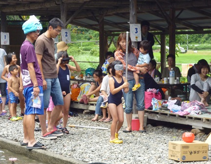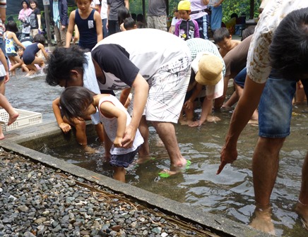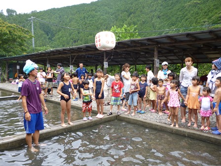 会長の挨拶の後、さっそく子供達はイケスに入り175匹の放流された「あゆ」を捕まえました。初め小さなお子さんは「あゆ」に恐る恐るでしたが、慣れてくると「あゆ」を追いかけ、ぴちぴちしている感触に歓声をあげていました。
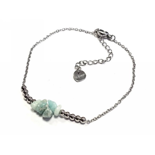 Βραχιόλι Πέτρα ατσάλι 316L, αλυσίδα με τυρκουάζ σε χρώμα Ασημί..
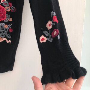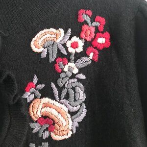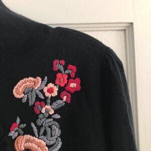 Elegant black merino wool sweater with vibrant floral embroidery. Keyhole opening at chest. Mock neck collar. Covered buttons back closure at neck. Long sleeves.
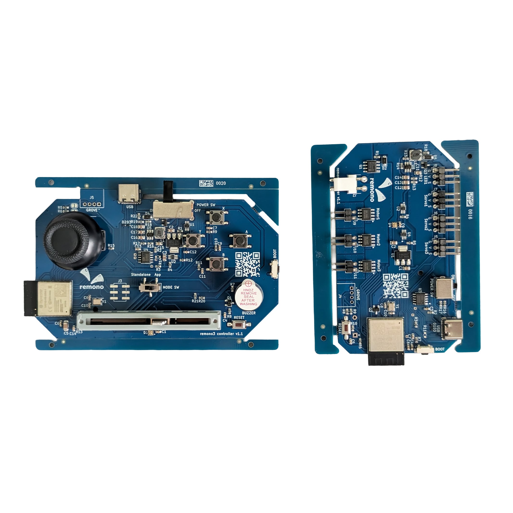 DCモーターやサーボモーター、LEDを操作するためのドライバー「remono3 driver」と、remono3 driverに接続したデバイスを遠隔操作するためのコントローラー「remono3 controller」の基板セットです。

**What you should do**
Write out the whole listing exactly. Pictures stay out.

**Solution to this exercise**
 会長の挨拶の後、さっそく子供達はイケスに入り175匹の放流された「あゆ」を捕まえました。初め小さなお子さんは「あゆ」に恐る恐るでしたが、慣れてくると「あゆ」を追いかけ、ぴちぴちしている感触に歓声をあげていました。
 Βραχιόλι Πέτρα ατσάλι 316L, αλυσίδα με τυρκουάζ σε χρώμα Ασημί..
 Elegant black merino wool sweater with vibrant floral embroidery. Keyhole opening at chest. Mock neck collar. Covered buttons back closure at neck. Long sleeves.
 DCモーターやサーボモーター、LEDを操作するためのドライバー「remono3 driver」と、remono3 driverに接続したデバイスを遠隔操作するためのコントローラー「remono3 controller」の基板セットです。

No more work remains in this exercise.